Better 3D Graphics On The Arduino

There are cheap LCDs available from China, and when plugged into an Arduino, these displays serve as useful interfaces or even shinier baubles for your latest project. [Michael] picked up a few of these displays in the hope of putting a few animated .GIFs on them. This is an impossible task with an ATMega microcontroller – the Arduino does not have the RAM or the processing power to play full-screen animations. It is possible to display 3D vector graphics, with an updated graphics library [Michael] wrote.

The display in question uses the ILI9341 LCD driver, found in the Adafruit library, and an optimized 3D graphics driver. Both of these drivers have noticeable flicker when the animation updates, caused by the delay between erasing a previous frame and when a new frame is drawn.

With 16-bit color and a resolution of 320×240 pixels, there simply isn’t enough memory or the processing power on an ATMega microcontroller to render anything in the time it takes to display a single frame. There isn’t enough memory to render off-screen, either. To solve this problem, [Michael] built his render library to only render pixels that are different from the previous frame.

Rendering in 3D presents its own problems, with convex surfaces that can overlap themselves. To fix this, [Michael]’s library renders objects from front to back – if the pixel doesn’t change, it doesn’t need to be rendered. This automatically handles occlusions.

In a demo application, [Michael]’s LCD and Arduino can display the Stanford bunny, a low-poly 3D face, and geometric object. It’s not a video game yet, but [Michael] thinks he can port the classic game Spectre to this platform and have it run at a decent frame rate.

Video of the demo below.

20 thoughts on “Better 3D Graphics On The Arduino

  1. A 20MHz AtMega has roughly the computational power (though not the addressability) of an 8MHz 68000. FIGnition, which is based on an AtMega supports a proper bitmapped frame buffer via serial RAM (which it copies to PAL or NTSC composite video in realtime). Watch it generate a Lorenz Attractor a few times faster than a Mac Plus can!
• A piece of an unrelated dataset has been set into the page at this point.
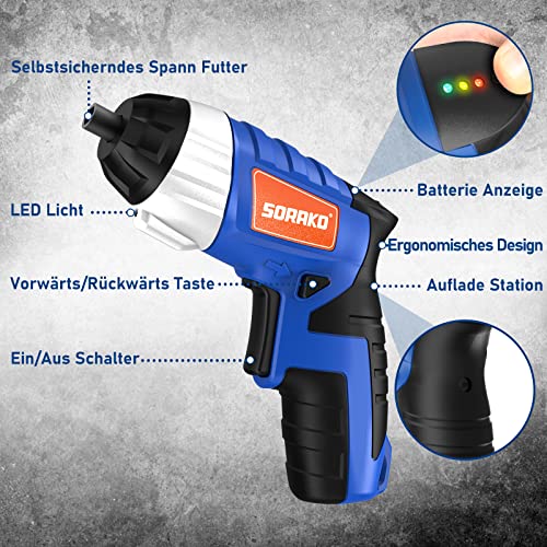 SORAKO Avvitatore Elettrico 6Nm Cacciavite Elettrico 3.6V con 30 Accessori, Cacciavite con Luce LED, 2 Direzioni di Rotazione, Indicatore Batteria e Caricabatterie, Professionale per Fai da Te

    OK, so it’s black and white and a fairly low-res (it only uses 3Kb of it’s 8Kb serial RAM), but just to illustrate that serial RAM can support frame buffers at a decent rate: so, a 32Kb serial RAM could support video as good as an Atari-ST.

  2. Do you think there’s enough juice in the ATMega to display a simple vector map off an SD card? Say we use a 176×144 display and only draw most basic stuff (roads, large polygons like water/forest, icons and labels) derived from OSM data. That could make us the cheapest GPS. I wonder whether HOTOSM could make use of these in humanitarian operations.

    Alternatively, is there much that could be gained by going to the cheaper end of the Cortex M0 series? Think LPC111x or STM32F1x – these are already as cheap as AVR.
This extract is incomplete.